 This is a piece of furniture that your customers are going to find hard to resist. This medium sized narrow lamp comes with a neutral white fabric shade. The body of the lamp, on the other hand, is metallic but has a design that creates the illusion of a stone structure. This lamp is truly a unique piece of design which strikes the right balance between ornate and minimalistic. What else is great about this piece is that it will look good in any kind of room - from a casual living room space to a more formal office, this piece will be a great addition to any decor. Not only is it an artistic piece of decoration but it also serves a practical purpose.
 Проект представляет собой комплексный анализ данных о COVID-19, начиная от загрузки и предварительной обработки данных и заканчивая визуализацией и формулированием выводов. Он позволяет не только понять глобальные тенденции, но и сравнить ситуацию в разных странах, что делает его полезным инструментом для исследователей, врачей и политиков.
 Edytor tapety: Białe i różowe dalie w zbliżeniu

...

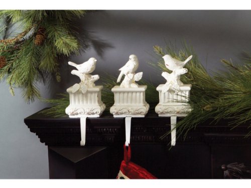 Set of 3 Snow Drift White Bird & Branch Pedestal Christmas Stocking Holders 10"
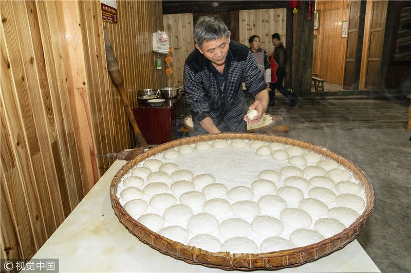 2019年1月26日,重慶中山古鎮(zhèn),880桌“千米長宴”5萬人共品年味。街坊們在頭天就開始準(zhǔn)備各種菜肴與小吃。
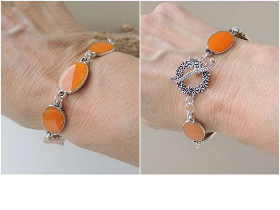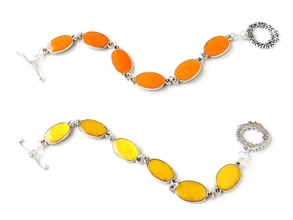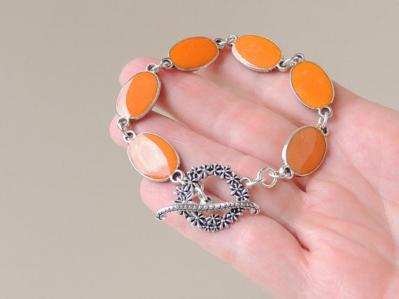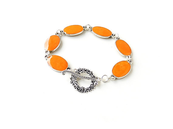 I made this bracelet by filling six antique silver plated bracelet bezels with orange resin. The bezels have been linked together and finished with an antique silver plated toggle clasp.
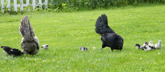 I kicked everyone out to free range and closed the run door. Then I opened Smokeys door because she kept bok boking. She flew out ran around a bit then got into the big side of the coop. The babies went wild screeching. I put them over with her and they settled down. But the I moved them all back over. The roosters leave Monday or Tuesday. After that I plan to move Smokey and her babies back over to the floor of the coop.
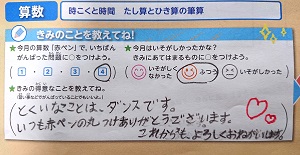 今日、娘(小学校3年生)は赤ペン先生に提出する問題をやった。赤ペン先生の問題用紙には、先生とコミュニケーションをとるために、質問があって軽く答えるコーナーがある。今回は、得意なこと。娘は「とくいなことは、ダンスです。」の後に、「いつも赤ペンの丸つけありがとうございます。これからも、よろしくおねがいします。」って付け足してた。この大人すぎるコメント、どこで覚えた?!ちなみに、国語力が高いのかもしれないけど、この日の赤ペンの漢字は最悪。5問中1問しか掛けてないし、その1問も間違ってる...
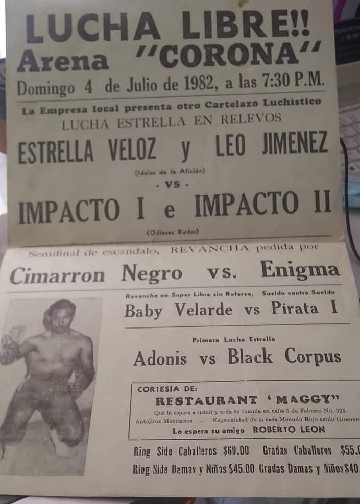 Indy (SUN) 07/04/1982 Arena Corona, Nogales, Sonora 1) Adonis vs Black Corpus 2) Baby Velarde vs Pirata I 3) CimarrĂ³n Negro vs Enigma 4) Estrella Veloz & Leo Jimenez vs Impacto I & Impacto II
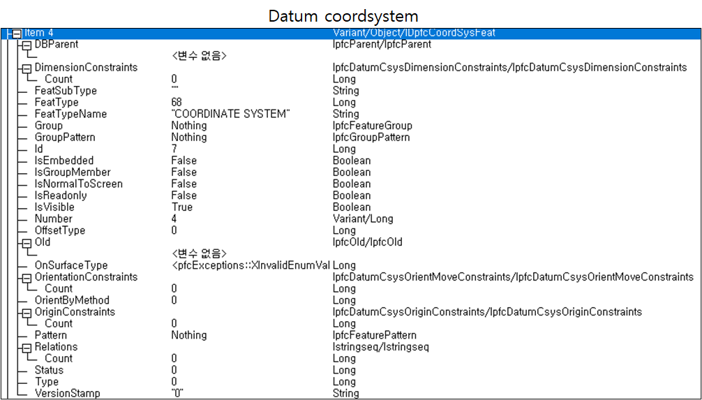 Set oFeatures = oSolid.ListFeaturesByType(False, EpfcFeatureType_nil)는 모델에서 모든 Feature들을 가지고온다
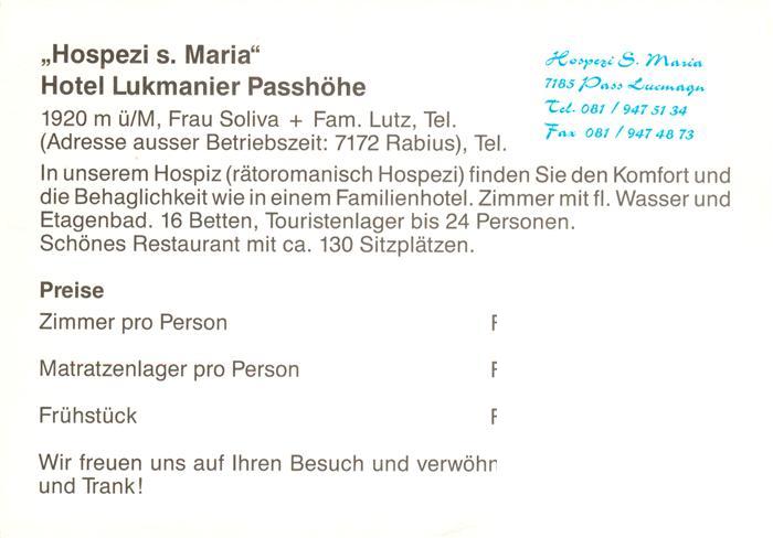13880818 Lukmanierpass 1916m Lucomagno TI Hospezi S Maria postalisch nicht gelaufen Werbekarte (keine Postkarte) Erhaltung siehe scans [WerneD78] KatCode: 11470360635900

Your task:
Above are the records; please give again, exactly and in full, only the lines that run from the line with "今日、娘(小学校3年生)は赤" through the line with "13880818 Lukmanierpass 1916m", with no pictures.

Response box:
 今日、娘(小学校3年生)は赤ペン先生に提出する問題をやった。赤ペン先生の問題用紙には、先生とコミュニケーションをとるために、質問があって軽く答えるコーナーがある。今回は、得意なこと。娘は「とくいなことは、ダンスです。」の後に、「いつも赤ペンの丸つけありがとうございます。これからも、よろしくおねがいします。」って付け足してた。この大人すぎるコメント、どこで覚えた?!ちなみに、国語力が高いのかもしれないけど、この日の赤ペンの漢字は最悪。5問中1問しか掛けてないし、その1問も間違ってる...
 Indy (SUN) 07/04/1982 Arena Corona, Nogales, Sonora 1) Adonis vs Black Corpus 2) Baby Velarde vs Pirata I 3) CimarrĂ³n Negro vs Enigma 4) Estrella Veloz & Leo Jimenez vs Impacto I & Impacto II
 Set oFeatures = oSolid.ListFeaturesByType(False, EpfcFeatureType_nil)는 모델에서 모든 Feature들을 가지고온다
13880818 Lukmanierpass 1916m Lucomagno TI Hospezi S Maria postalisch nicht gelaufen Werbekarte (keine Postkarte) Erhaltung siehe scans [WerneD78] KatCode: 11470360635900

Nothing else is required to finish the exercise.